● HOW TO COMPLETE THIS TASK: What are the lines from the top of the entries below through the line containing "锟斤拷Durability Through Quality"? Return them exactly, both ends included, without the pictures.

################

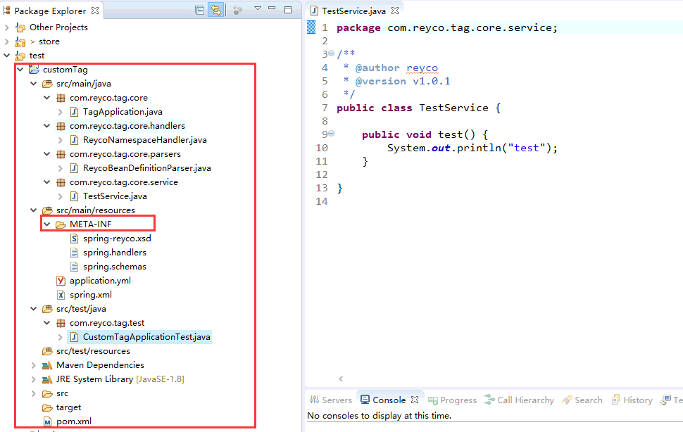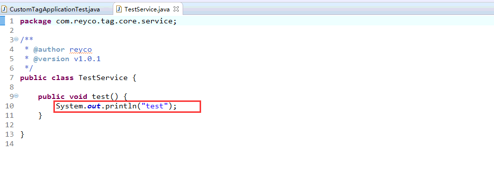 <housihai:reyco id="testService" class="com.reyco.tag.core.service.TestService"/>
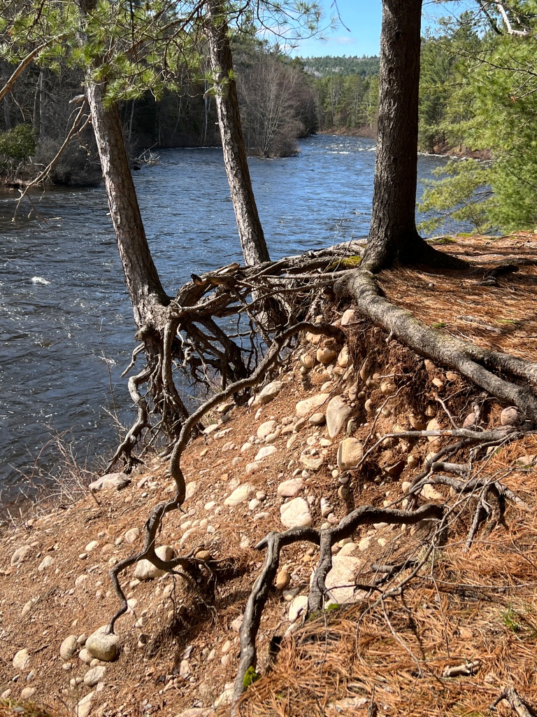 I looked up and around and then noticed that some thirty feet away in the corner of the yard close to our neighbour’s hedge line was a towering spruce tree reaching over eighty feet into the sky. From its base, facing me, one large root dove into the ground heading my way.
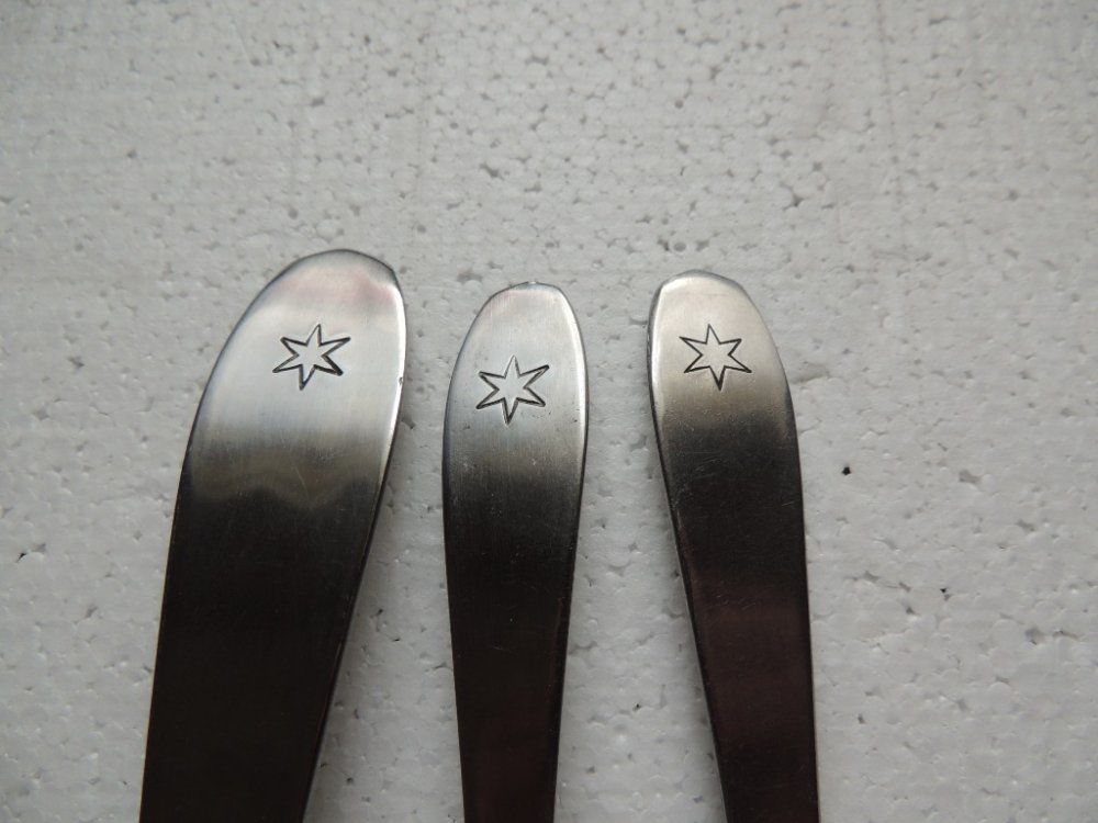 Собрал столовый набор нержавейка HMZ. Предметы пришли из Германии, Украины и РФ. На некоторых стоит клеймо звезда. Приборы клеймились наверное в какой то части малой партией,встречается не часто хотя на цену не влияет. Это их так разбросало по всей Европе или всё таки эта звезда частое явление?
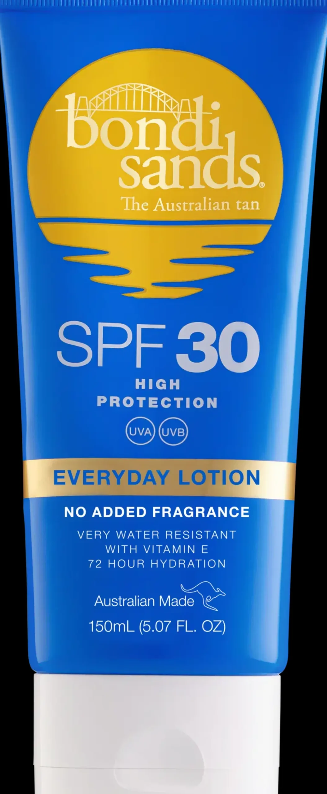 Kesä on täällä! Nauti aurinkoisesta päivästä Bondi Sandsin tavalla Everyday SPF 50+ -aurinkosuojavoiteellamme. UVA- ja UVB-suojan antava kevyt koostumus on rasvaton, nopeasti imeytyvä ja hellävarainen iholle. Vedenkestävä jopa neljä tuntia, joten voit astua aurinkoon luottavaisin mielin. Dermatologisesti testattu. Sopii herkälle iholle.
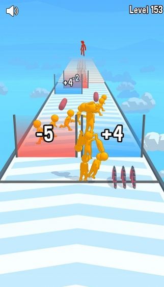 3、滑动屏幕控制方向,收集来回移动的人群,让自己长高,躲避障碍直到终点。
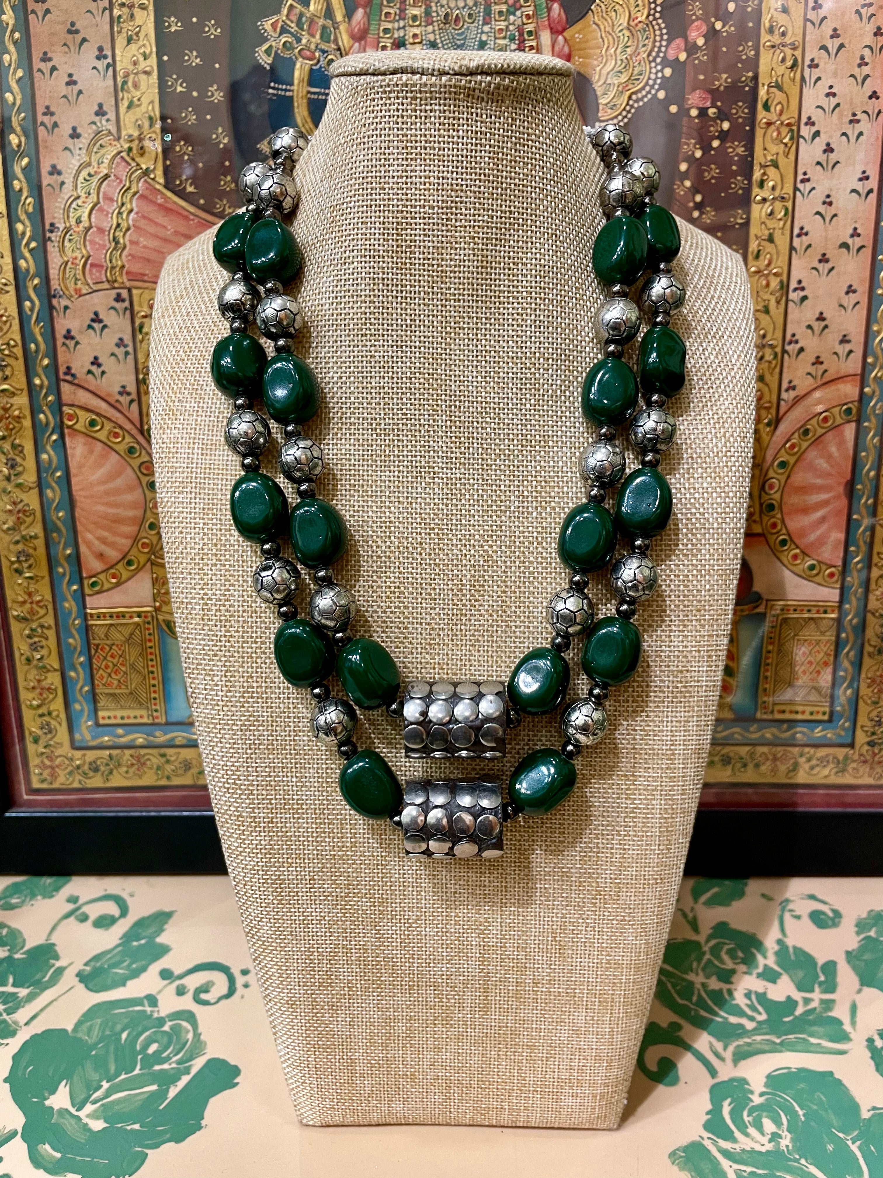 GREEN ONYX WITH OXIDISED SILVER BEADS DOUBLE LAYER NECKLACE
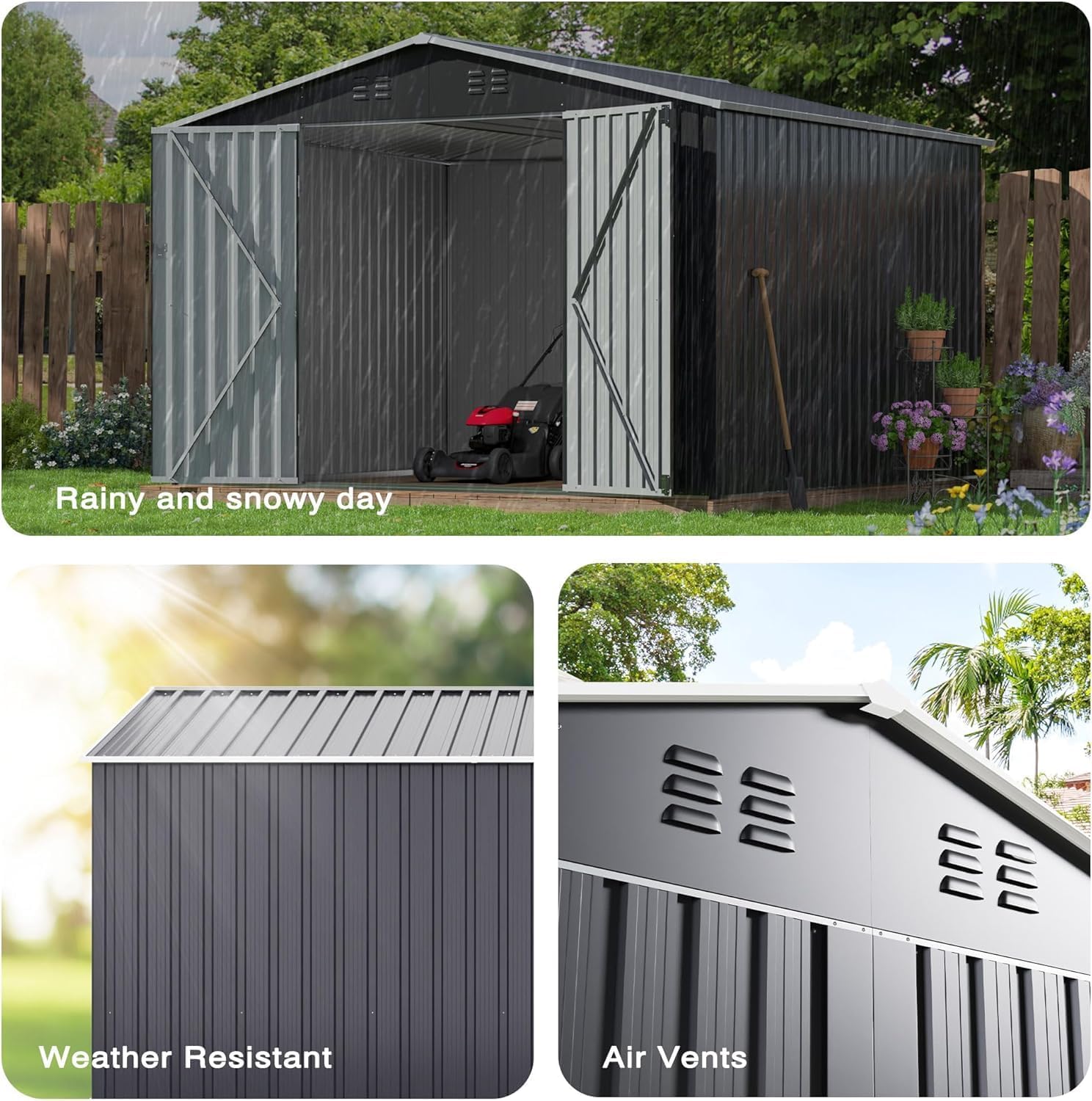 锟斤拷Durability Through Quality Materials锟斤拷Crafted with superior, resilient metal, the Polar Aurora shed provides robust weatherproof protection, ready to withstand the elements with waterproof and UV-resistant features.
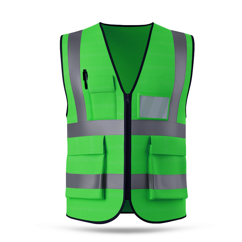 • 멀티 포켓 바늘 잔디 녹색 * 반사 스트립 * 반사 조끼 * 프리 사이즈

################

● ANSWER BELOW:
 <housihai:reyco id="testService" class="com.reyco.tag.core.service.TestService"/>
 I looked up and around and then noticed that some thirty feet away in the corner of the yard close to our neighbour’s hedge line was a towering spruce tree reaching over eighty feet into the sky. From its base, facing me, one large root dove into the ground heading my way.
 Собрал столовый набор нержавейка HMZ. Предметы пришли из Германии, Украины и РФ. На некоторых стоит клеймо звезда. Приборы клеймились наверное в какой то части малой партией,встречается не часто хотя на цену не влияет. Это их так разбросало по всей Европе или всё таки эта звезда частое явление?
 Kesä on täällä! Nauti aurinkoisesta päivästä Bondi Sandsin tavalla Everyday SPF 50+ -aurinkosuojavoiteellamme. UVA- ja UVB-suojan antava kevyt koostumus on rasvaton, nopeasti imeytyvä ja hellävarainen iholle. Vedenkestävä jopa neljä tuntia, joten voit astua aurinkoon luottavaisin mielin. Dermatologisesti testattu. Sopii herkälle iholle.
 3、滑动屏幕控制方向,收集来回移动的人群,让自己长高,躲避障碍直到终点。
 GREEN ONYX WITH OXIDISED SILVER BEADS DOUBLE LAYER NECKLACE
 锟斤拷Durability Through Quality Materials锟斤拷Crafted with superior, resilient metal, the Polar Aurora shed provides robust weatherproof protection, ready to withstand the elements with waterproof and UV-resistant features.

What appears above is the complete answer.